Eminent Solina String Ensemble

This website is dedicated to the Eminent Solina String Ensemble.

Description of the instrument

The String Ensemble is an example of excellent Dutch craftsmanship. The wooden casing certainly looks good and is very sturdy. The console with sliders and instrument selection buttons is made of metal. The four octave keyboard is fine and has this typical 'spring crack' when you depress the keys. The contact springs are located under the keys, so they don't get covered with dust easily. In fact, the contacts are built that well that I have not noticed any cracking or sound degradation due to corrosion.

The unit can be opened by taking out three screws at the back, lifting the lid some two centimetres and sliding it backwards. Under the lid, service information can be found; these paper sheets contain the full schematics of the string ensemble.

Inside, the machine is a perfect world of neatly placed boards and very tidy wiring. A joy to see! A spare fuse, contained in a small envelope, is stapled to the inside of the unit near the mains transformer.

The buttons and sliders on the panel are the following: power on/off, tuning up/down, contrabass, cello, volume bass, crescendo, sustain length, master volume, viola, violin, brass, horn and modulation.

The contrabass and cello selectors can be used to turn on a 16' or 8' monophonic bass, which is triggered by the lowest of the keys one presses. The bass runs from C0 to G1 and stops there. The bass volume can be adjusted to match the volume of the upper registers by the 'volume bass' slider.

The crescendo and sustain sliders can be used to alter the attack and decay rates of the viola and violin registers and also have some minor effect on the other registers.
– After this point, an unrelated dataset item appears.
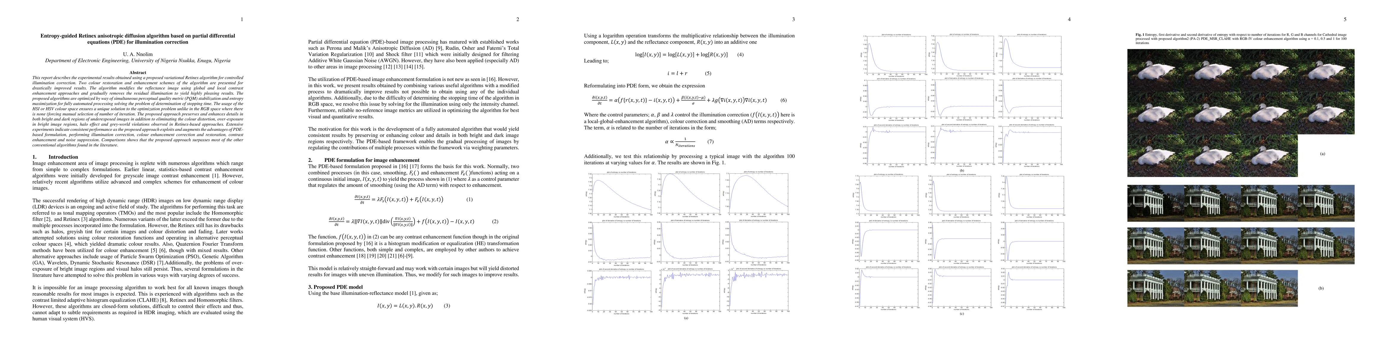 This paper proposes an entropy-guided Retinex algorithm using anisotropic diffusion based on PDE for illumination correction, achieving enhanced colour restoration and contrast. The method optimizes stopping time through simultaneous perceptual quality metric stabilization and entropy maximization, outperforming conventional algorithms.

The viola and violin are the core string sounds of the unit. Brass and horn are also very nice and soft sounds which may be blended with the viola and violin sounds to create subtle sound differences.

The modulation button can be used to turn off the built-in chorus effect. I think nobody will do this, for the stereo chorus of the ensemble is what makes this machine sound so very wonderful!

It has stereo high outputs, mono low and high outputs, AC. trigger and DC. gate outputs and a connection for a proprietary expression pedal. The pedal is of the type with a light bulb and a photo resistor. Don't connect a standard keyboard expression pedal for you might damage your ensemble by doing so.

Sound samples

I have recorded some sound samples to give you an idea of the sound of this machine. Maybe you are considering to buy a second hand one etc. Then these fragments may help you decide.

Modulation demonstration

This sound starts with a viola and modulation off. I play a D minor chord and turn on the chorus after a few seconds. The effect is stunning!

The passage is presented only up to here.